By Karol Pérez, translated by Maria Jose Serrano (Visitescazu.com) The “strong dollar” marked the year of 2015 and the “stability” will mark the exchange rate this 2016, as stated by Aldesa (Investment Advisers and Stock Exchange Market).
Last year the US economy grew at full speed and its strengthened currency brought down the currencies of many Latin American countries. However, in the case of Costa Rica the trend was rather towards the appreciation or strengthening of the “colón”, which was influenced by the funding of Eurobonds; the fall in oil prices, which caused less demand for dollars; and the fact that Costa Rica continues to generate large inflows of foreign exchange, due to its tendency to export services.
“The excess of dollars in the financial system resulted from the savings generated by the fall in oil prices (US $800 million), the settlement of investment portfolios of Costa Ricans and the inflow of capital by the indebtedness of the public and private sector,” Aldesa explains.

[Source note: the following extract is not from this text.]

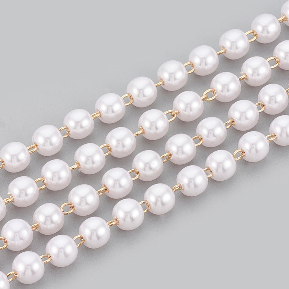 Pearl Bead Chain 6mm, 15 Foot Roll

This means that the exchange rate could be between ¢510 and ¢545 per dollar.
Yet if new pressures to the appreciation of the “colón” are met, the Banco Central (Central Bank) announced a new plan to accumulate reserves to intervene in the market if necessary. This accumulation of reserves is up to US $1.0 billion, the largest announced to date. This, according to Aldesa will generate a kind of foundation to the exchange rate indicator which will guarantee a 2016 marked by stability.